I’m wondering if I am only able to run one instance of the singularity image for some reason? Or perhaps there is some setting that only allows one instance of fmriprep to access the directories I’m using? Other simple test job arrays seem to work fine (e.g. a quick bash script that prints out a subject name.)

Steven · October 12, 2022, 6:53pm

Hm, strange! I doubt this is an issue with the same image being used multiple times. I would need to know more about your HPC set up / permissions to best diagnose this. What about giving each subject their own working directory?

EDIT: I see you already do this

Do you have write permissions to /tmp, looking at the warning message in the log?

tmorin01 · October 13, 2022, 10:19pm

As an update, I believe this is an issue our cluster.

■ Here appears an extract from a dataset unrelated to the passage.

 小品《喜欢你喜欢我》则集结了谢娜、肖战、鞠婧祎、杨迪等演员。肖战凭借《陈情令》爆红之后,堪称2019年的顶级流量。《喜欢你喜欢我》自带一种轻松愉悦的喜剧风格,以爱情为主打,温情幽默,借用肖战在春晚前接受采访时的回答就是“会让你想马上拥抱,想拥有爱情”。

I developed a simple test case using “cowsay”:

I pulled the singularity image for cowsay:
$ singularity pull docker://godlovedc/lolcow

Then I submitted an array job in the same manner we’ve been submitted fmirprep array jobs, asking three cows to say “moo 0”, “moo 1”, and “moo 2”. Just as with fmriprep, the first job runs successfully and I get the following output:

< moo 0 >
 -------
        \   ^__^
         \  (oo)\_______
            (__)\       )\/\
                ||----w |
                ||     ||

But for the other two jobs, I get the same error:
singularity: error while loading shared libraries: libseccomp.so.2: cannot open shared object file: No such file or directory

Notably, I was able to try this out on another university’s slurm cluster where I also have an affiliation and everything worked fine. Back at my primary university where things are not working, we do not have a cluster admin, so it might take some time to find a fix…

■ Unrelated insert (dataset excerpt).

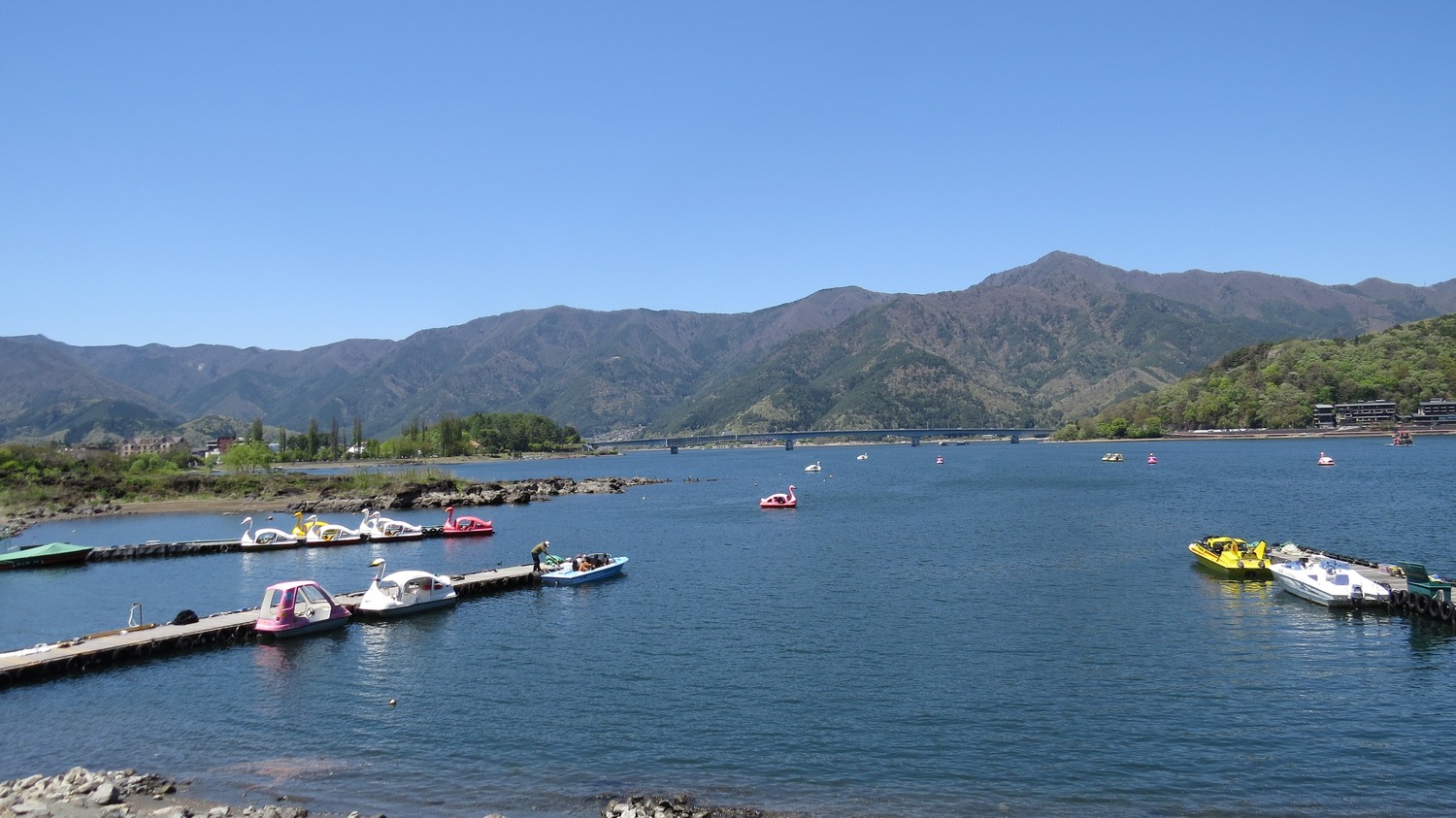 Sjön Kawaguchi-ko ligger vackert bland bergen. Det är ganska så turistorienterat med alla småbåtar som man kan hyra.

Since I’ve determined that this is likely a cluster issue and not an fmriprep issue, I could go ahead and close the thread? If anyone has recommendations on where to find resources related to configuring singularity on a cluster, let me know!

Steven · October 15, 2022, 3:06pm

As an alternative, you can try uploading and running your analyses on Brainlife.io? I realize this involves learning a new tool which was probably not the original intention, and it would be best to figure out what is going on in the cluster, but this could be a good temporary workaround.